Когда прошло больше недели, мы заволновались: что же с Варварой Клементьевной? Не расхворалась бы совсем, она такая худая и бледная. Оказалось, что сестра с девочкой все еще живет у нее, и нам стало как-то страшно. Мы знали, что такое человек без хлебных карточек. А тем более два человека.

Отнесем Варваре Клементьевне наши бублики, — сказала староста класса.

Все? — выдохнул кто-то.

Ну, конечно, все, что за вопрос? Получится тридцать четыре бублика. Целый поднос, целая гора бледно-желтых блестящих бубликов.

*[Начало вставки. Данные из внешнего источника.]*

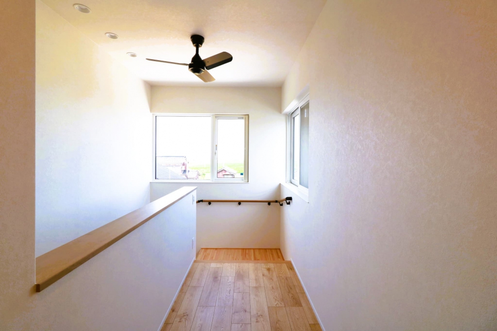 二階ホールへの階段のくりぬきが可愛らしいアクセントとなり、大人っぽさに遊び心が共存する高性能住宅です。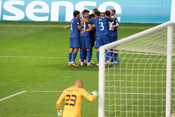 Через пару минут Казахстан нанес первый удар в створ ворот. К мячу приложился Самородов – но удар получился не сильным, и голкипер хозяев Элиа Бенедеттини легко с ним справился.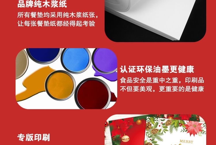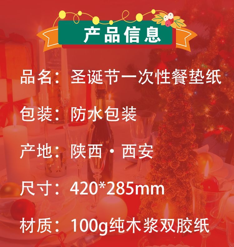 Fantasy Christmas placemat disposable placemat paper Western food party Christmas table mat paper household thickened table paper Merry Christmas 100 sheets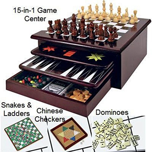 -. Title : Board Game Set - Deluxe 15 in 1 Tabletop Wood-accented Game Center with Storage Drawer (Checkers, Chess, Chinese Checkers, Parcheesi, TicTacToe, SOlitaire, Snakes and Ladders, Mancala, Backgammon, Poker Dice, Playing Cards, Go Fish, Old Maid, and Dominos)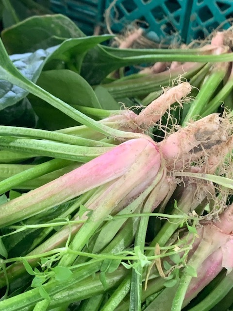 根っこが赤くて、葉肉の厚い甘いほうれん草。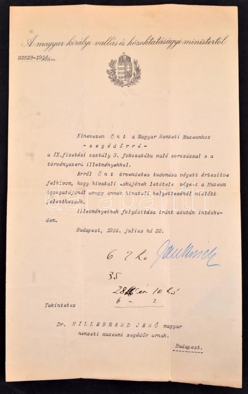 Beschreibung: 1914 Nemzeti Múzeumba segédőri kinevezés Jankovich Béla vallás- és közoktatásügyi miniszter aláírásával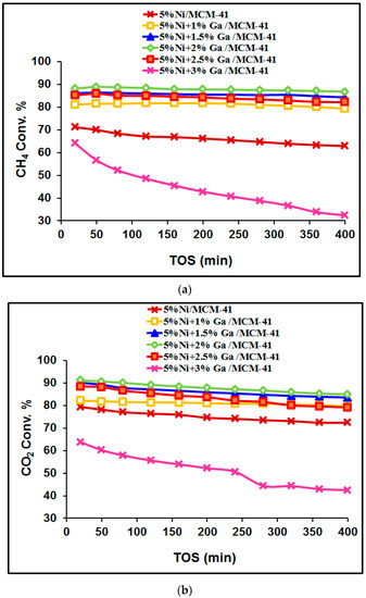 The locations with darker contrast in the images in Figure 6a are ascribed to the Ni particles [36]. The minor dark spots are attributed to Ni particles located in the channels of the MCM-41 support. The larger dark areas over the pores correspond to Ni oxide agglomerates on the external surface, which resulted from the migration of Ni species out of the supports during the calcination process [34,37]. It can be seen that the Ni nanoparticles (dark points) were embedded within the mesoporous structure when Ga was introduced [38], which reduced the aggregation of NiO nanoparticles during the calcination step [39]. This observation further supports the bigger and larger reduction of the peak of Ga-Ni nanoparticles (TPR, Figure 2) in the chemisorption experiment. TEM images demonstrated a nearly regular hexagonal array of mesoporous channels of the catalyst [40]. The CH4 and CO2 conversions are presented in Figure 7. In this investigative stage, we have used TOS to reflect the stability of the Ga-promoted Ni/MCM-41. In this investigation we have not quantified the total number of active sites to determine the turn over frequency. As shown, both CH4 and CO2 conversions did not change for the catalysts with Ga loadings from 1–2.5% during the reaction period of 400 min. However, the 3% Ga loading showed lower activity and lesser stability than the 0% Ga-loaded catalyst. This is either because the catalyst is not easily reduced as shown in Figure 2, or due to the destruction of the framework of the MCM-41 support. Ga-incorporated Ni catalysts showed higher catalytic activity than that of the unmodified Ni-MCM-41 (0% Ga) catalyst, except for 3% Ga loading. This indicates that there should be an optimum Ga loading to enhance the catalytic activity and stability. As shown in Figure 8, 2% Ga loading showed a higher conversion of CH4 and lower activity loss of 88.2% and 1.58%, respectively. The main disadvantage of using catalysts for this process is due to the deactivation. This phenomenon cannot be avoided, but often reduced to an acceptable level. For instance, 2% Ga loading catalyst (2%Ga5%Ni/MCM-41) showed a higher conversion of CH4 (88.2%) and lower activity loss of 1.58%, for 400 min of TOS.

То есть, кто не хочет, может съесть сам, — сказала староста. — Это добровольно.

Никто не хотел — сам. Все отказались.

Когда? — спросила моя соседка.

Можно завтра. Завтра суббота, и отнесем.

Ладно, — согласились мы радостно. Значит, сегодня еще будет бублик.

— А можно и сегодня, — сказала староста. — Сегодня уже один урок прошел.

Тоже правильно. Решили сегодня.

Варвара Клементьевна болела еще некоторое время, а потом пришла. Урок истории у нас в этот день был последним. Мы его ждали с интересом, с волнением даже. Мы были достаточно большие и понимали, что ничего такого как будто не произошло, что это... ну не мелочь, а маленький эпизод обычной жизни, и только так, а не иначе и должно было быть. Но про себя-то мы были страшно рады, что так сделали, и Варвара Клементьевна нами довольна, ей было приятно, и вот сегодня мы об этом узнаем. Она поблагодарит нас (конечно, не за что, мы ничего такого не сделали, но так уж положено), поблагодарит с застенчивой улыбкой, которую мы так редко видим. И будет очень хорошо.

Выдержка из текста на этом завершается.